In this research study, we proposed a novel fusion method for multimodal neuroimaging data consisting of MRI and PET images to enhance the accuracy of Alzheimer’s Disease classification. The method leveraged a Maximum Fusion strategy and an optimized convolution network, effectively combining the complementary information from both modalities. The fusion approach demonstrated its effectiveness across multiple datasets and AD stages without the need for explicit model training. Our comprehensive experiments and result analysis showcased the superior performance of the proposed fusion method compared with traditional fusion methods such as Discrete Wavelet Transform and Laplacian Pyramid Gaussian in terms of various quantitative metrics. The fused images were used to train the Mobile Vision Transformer for the classification of Alzheimer’s Disease vs. Cognitive Normal classification, and the proposed model’s classification accuracy, precision, recall, F1-score, and AUC values demonstrated its effectiveness.

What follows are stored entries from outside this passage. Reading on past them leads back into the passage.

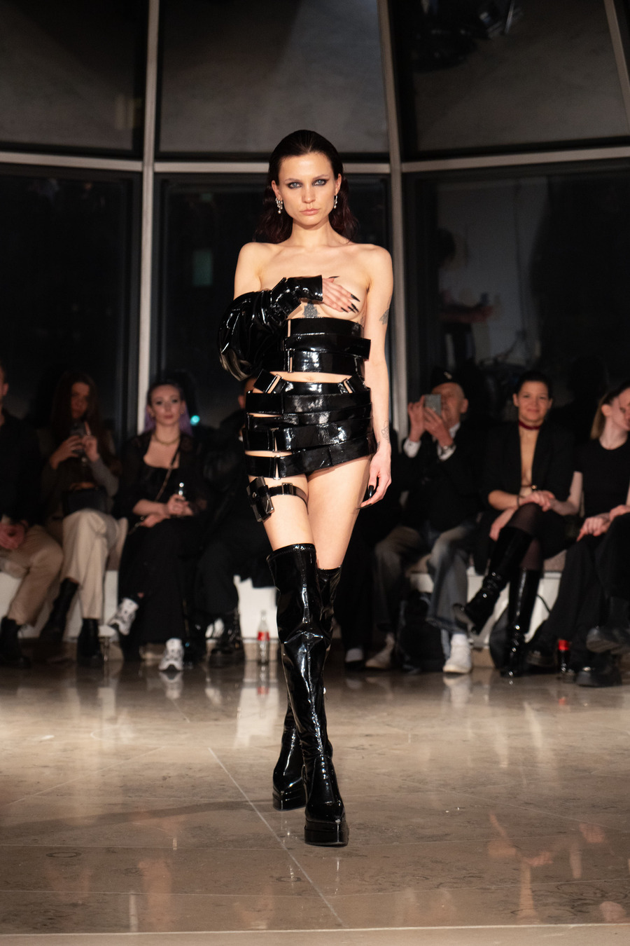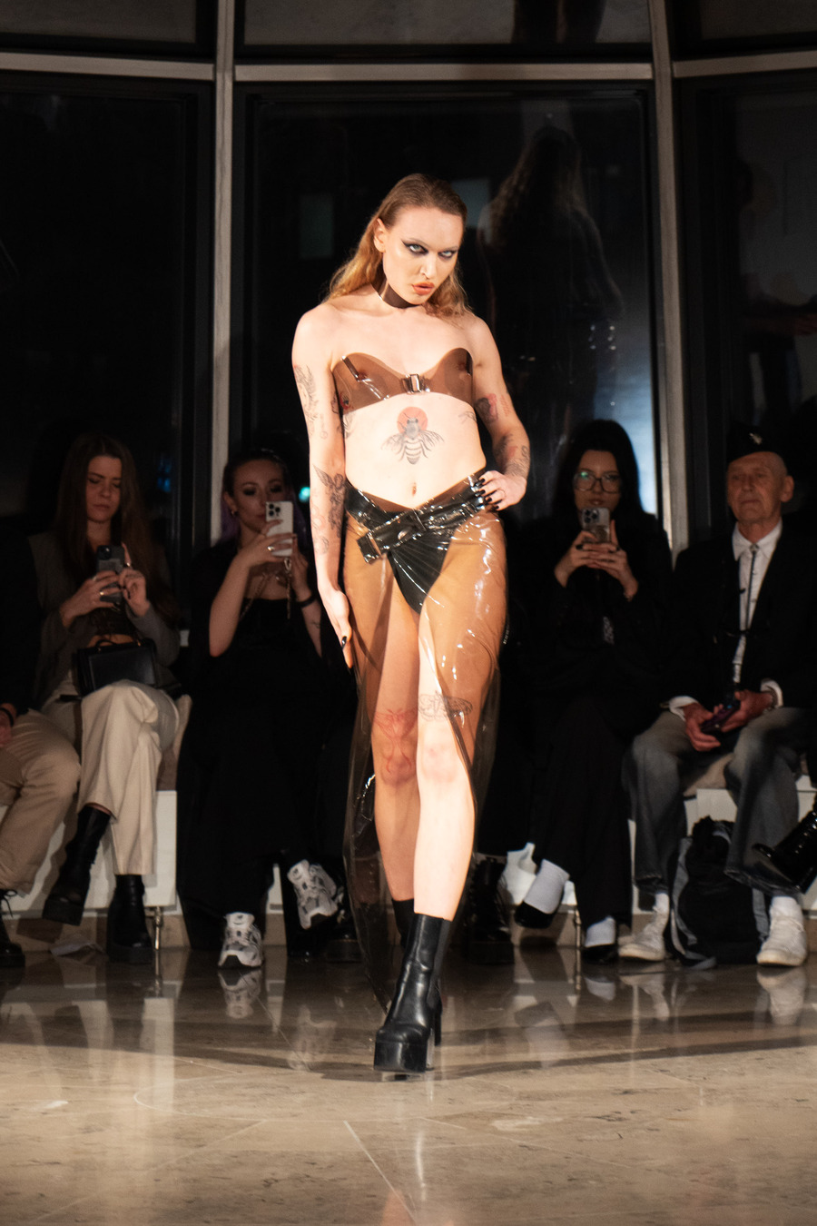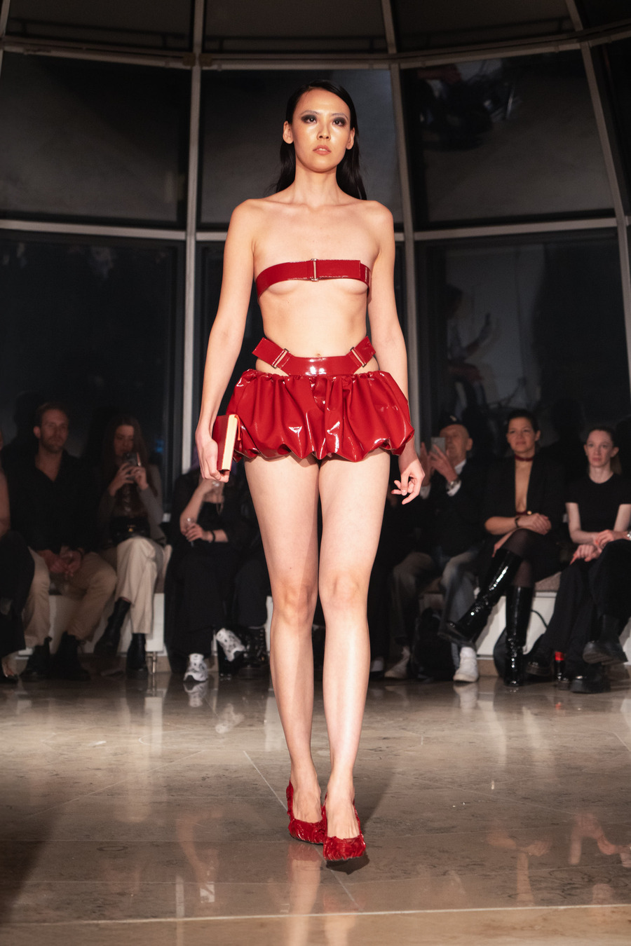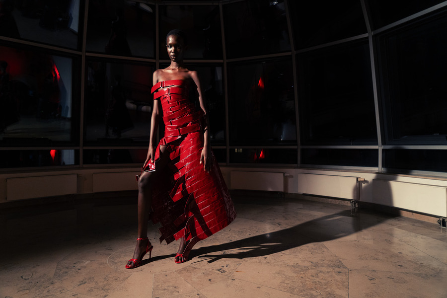 Karbon Kordani’s designs reflect the tension between limitation and freedom, merging vulnerability with strength to create impactful works of art. The collection reveals the hidden, daring aspects of individuals often overlooked in their routine lives, emphasizing the contrast between the ordinary and the extraordinary. This fashion show serves as a reminder that acknowledging the mundane and the daring is integral to embracing an authentic life.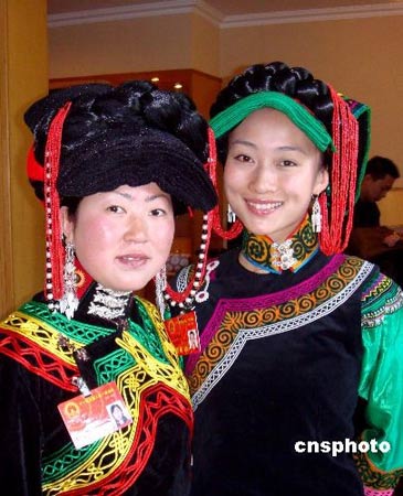 一對(duì)彝族“姐妹花”,一個(gè)穿紅,一個(gè)著綠,一樣甜美的笑臉,她們是赴京參加第十一屆全國(guó)人大的四川代表中年紀(jì)最小的兩位——一九八0年十二月出生的雅安市石棉縣安順鄉(xiāng)鹿子坪村婦女主任毛金芳和一九八二年四月出生的涼山州歌舞團(tuán)三級(jí)舞蹈演員張蓓蓓。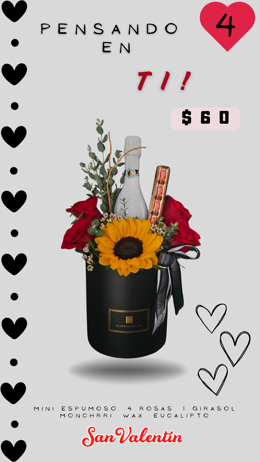 DETALLE IDEAL, COMBINACION PERFECTA! MINI ESPUMOSO (VARIEDAD), 4 ROSAS ROJAS, 1 GIRASOL, EUCALIPTO, Y DELICIOSOS...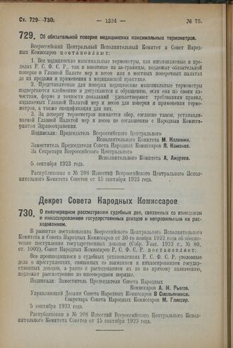 Декрет Совета Народных Комиссаров. О внеочередном рассмотрении судебных дел, связанных со взиманием и инкассированием государственных доходов и неправильным их расходованием. 5 сентября 1923 года // Распубликован в № 208 Известий Всероссийского Центрального Исполнительного Комитета Советов от 15 сентября 1923 года.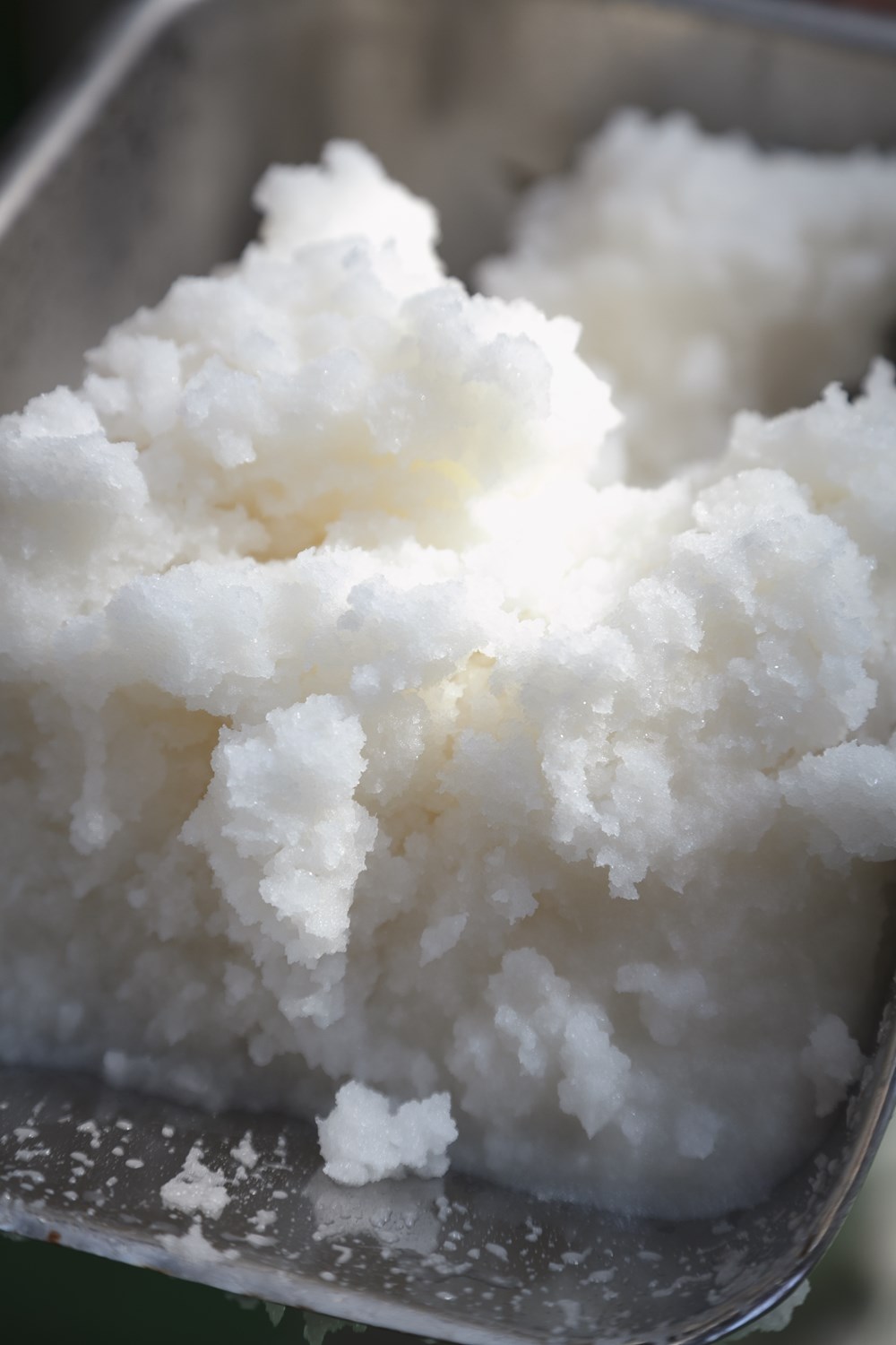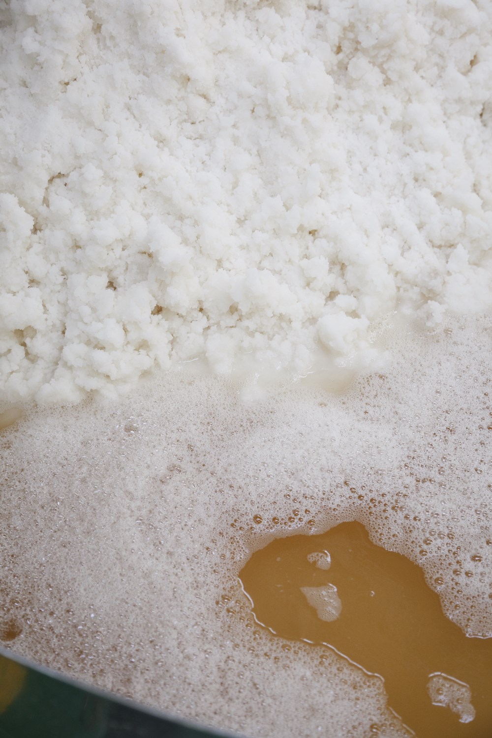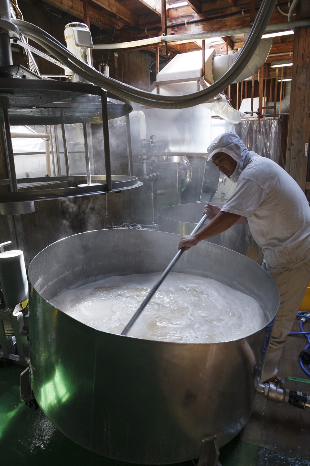 どの濃度から炊き始め、どの濃度で止めるかなどは、長年の研究の末に到達したもの。その成果がおいしい塩となって現れます。脱汁器(遠心分離器)で、主成分が塩化マグネシウムである液体の「ニガリ」を適度に残すように搾り、出来上がった塩は、吸湿するので空気に触れないよう、できるだけ速やかに袋詰めし、なるべく平らに置きます。平らに置くのはニガリが袋の下側に溜まってしまうのを避けるためです。
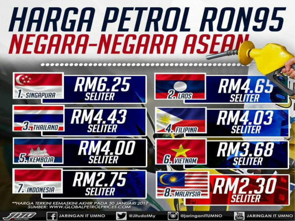 Harga Minyak Malaysia Petrol Price 95 Rm2 13 97 Rm2 41 Diesel Rm2 11 30 March 5 April 2017
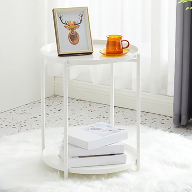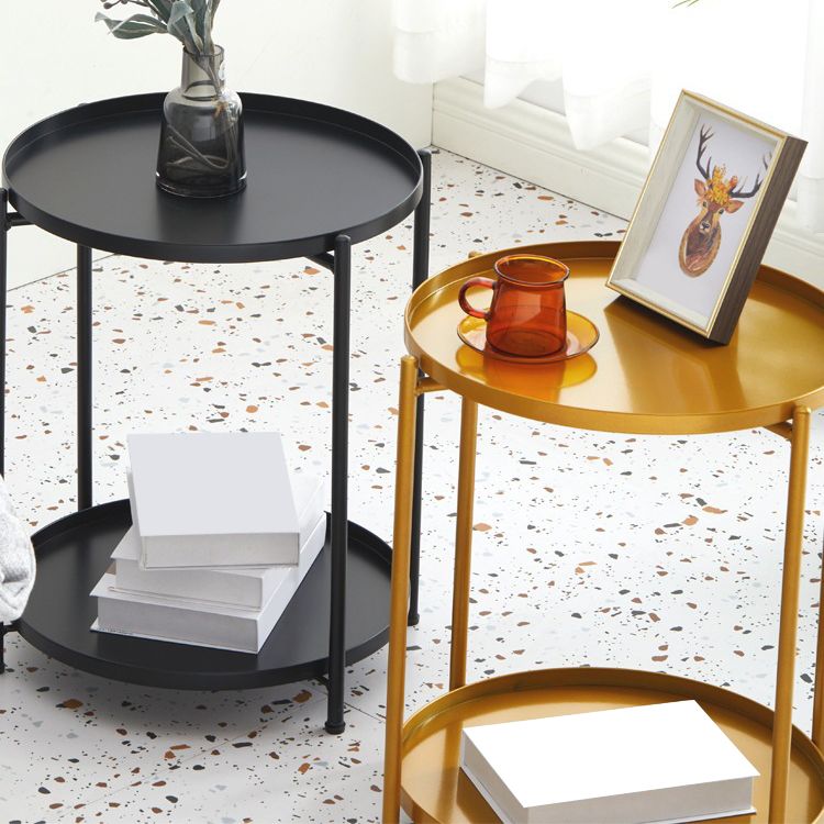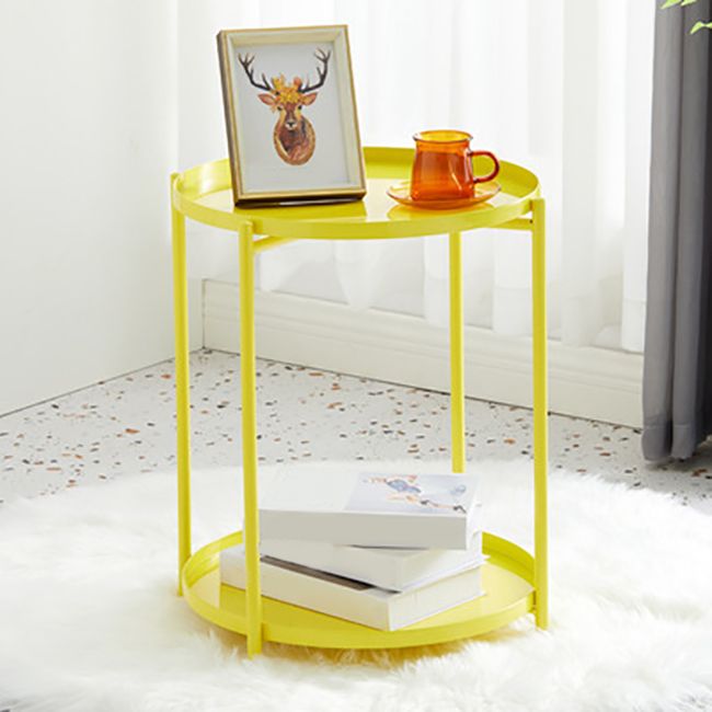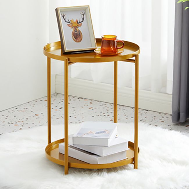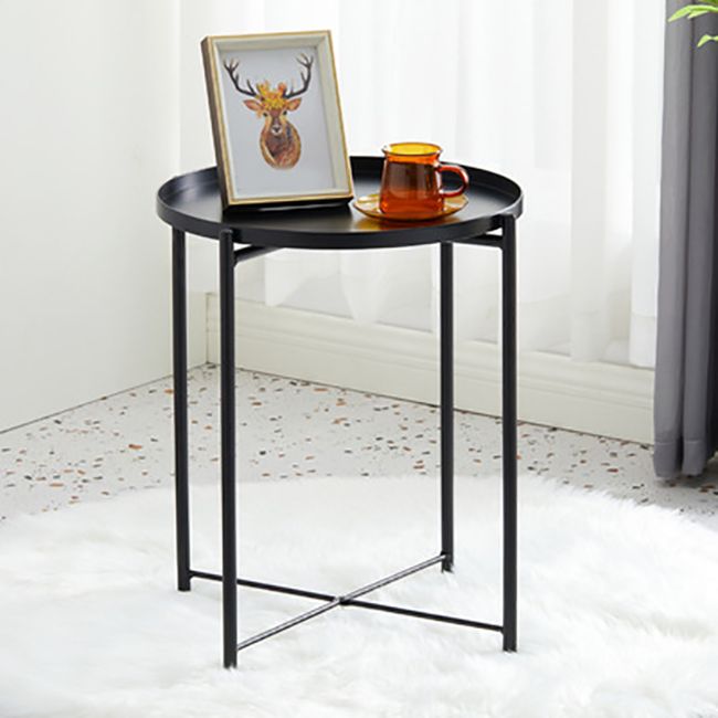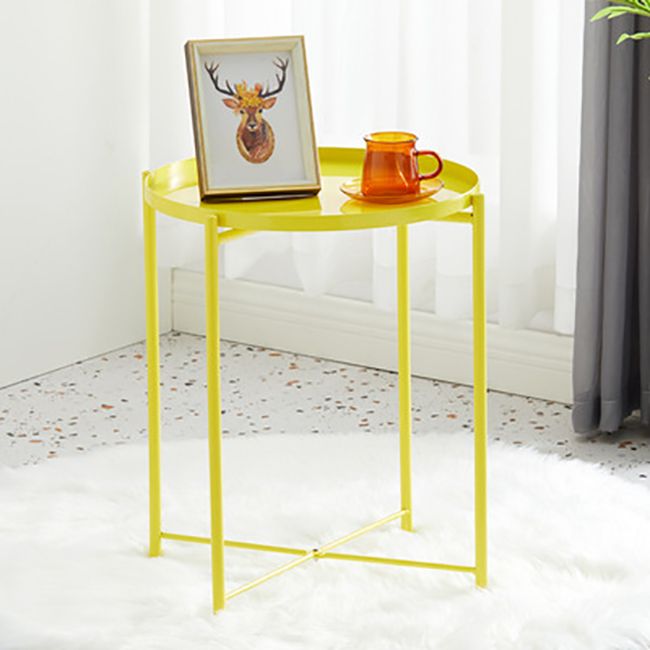 Tavolino rotondo in metallo della metà del secolo gambe trasversali diagnostruiti da 17,72 "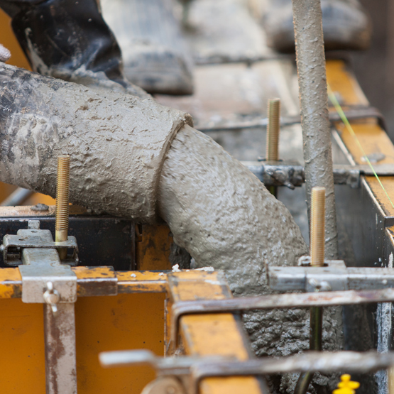 出来上がった型枠の中にコンクリートを流し込んでいきます。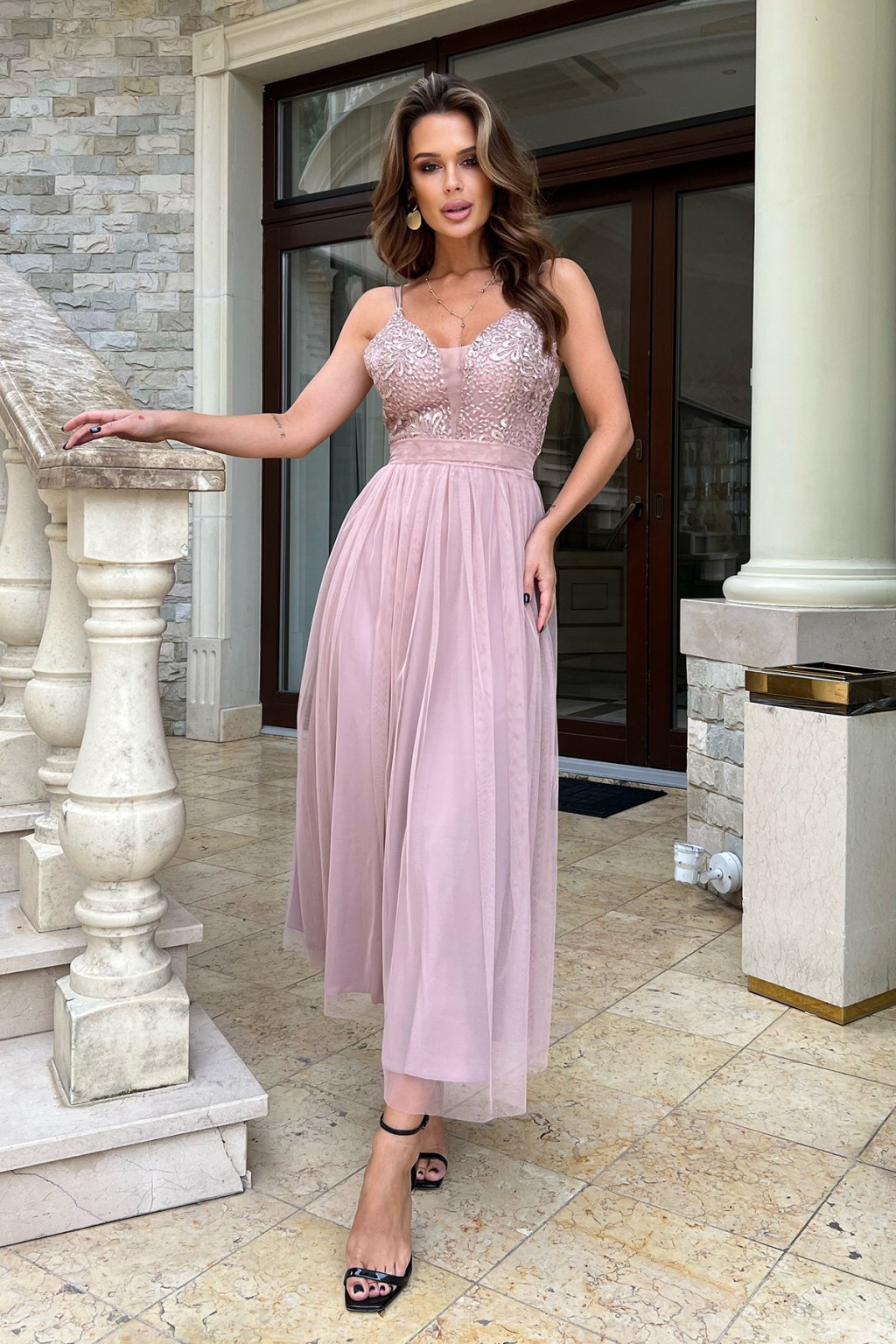 Jemně vyšívaný vršek na tenká ramínka krásně zvýrazní dekolt a dodá šatům luxusní nádech. Lehounká tylová sukně působí vzdušně a při chůzi vytváří nádherný splývavý efekt. Elegantní střih podtrhne ženskou siluetu a dodá vám sebevědomý, ale stále něžný vzhled.
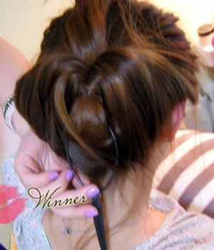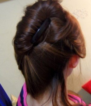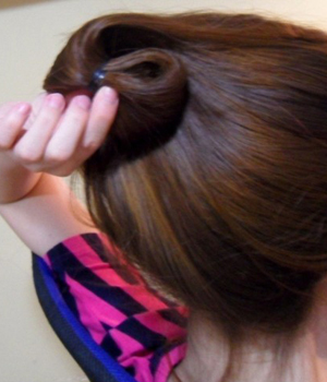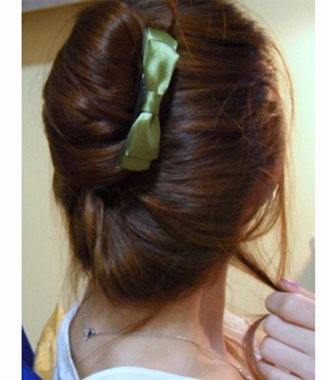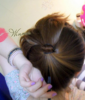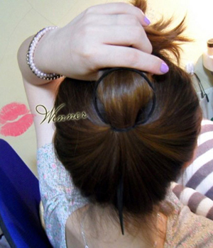 第3款 超优雅的挽起盘发穿法针从马尾中间穿过去

Comparisons with existing methods highlighted the competitive nature of our proposed approach, maintaining a good balance between the specificity and sensitivity crucial for medical diagnosis scenarios. The fusion model’s clinical implication lies in its potential to aid medical professionals in the accurate classification of AD vs. CN patients. One major limitation is the absence of real clinical data for validation, which could impact the model’s performance when applied to real-world scenarios. Additionally, the proposed model’s performance might be influenced by variations in data acquisition protocols and scanner characteristics in clinical settings. Future research could focus on validating the method using diverse clinical datasets and addressing the limitations observed in this study.